To understand the need for `dataset.sh`, consider how programming libraries are distributed both with and without
package managers like npm, pip, and Maven:

| Feature          | Without Package Manager                                                                               | With Package Manager (npm, pip, Maven, etc.)                  |
|------------------|-------------------------------------------------------------------------------------------------------|---------------------------------------------------------------|
| Folder Structure | Often adopts various project/folder structures                                                        | Standardized project/folder structures                        |
| Installation     | Manual download, reading instructions, installing dependencies, configuring, building, and installing | Automated installation process managed by the package manager |
| Management       | You must manually track:<br/>- Installed libraries<br/>- Install locations<br/>- Installed versions   | Package managers keep track of everything                     |

The current state of dataset distribution resembles the older, manual methods of distributing programming libraries.
`dataset.sh` aims to offer an experience similar to modern package managers.
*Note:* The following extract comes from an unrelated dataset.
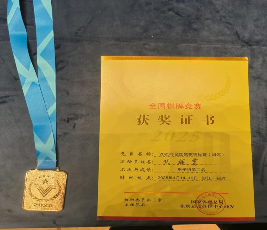 2025年4月19日,2025年全国象棋锦标赛(团体)在浙江绍兴落幕,我院学生武翃霄积极参赛,获全国象棋锦标赛(团体)男子组第二名。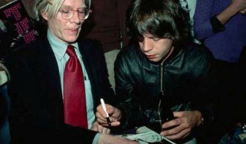 Мик Джаггер оставляет автограф для Энди Уорхола

| Feature          | Without Dataset Manager                                                                               | With `dataset.sh`                                                                                                                          |
|------------------|-------------------------------------------------------------------------------------------------------|--------------------------------------------------------------------------------------------------------------------------------------------|
| Folder Structure | No standardized project structure                                                                     | Standardized project structure                                                                                                             |
| Installation     | Manual download, reading instructions, installing dependencies, configuring, building, and installing | Automated installation process managed by `dataset.sh`<br/>and `dataset.sh` will generate reader in python for each dataset automatically. |
| Management       | You must manually track:<br/>- Installed datasets<br/>- Install locations                             | `dataset.sh` keeps track of everything for you                                                                                             |

## Install

To get started, you can install `dataset.sh` via pip:

```bash
pip install dataset.sh
dataset.sh --help
```

## Data Model

The data model of `dataset.sh` closely resembles that of MongoDB.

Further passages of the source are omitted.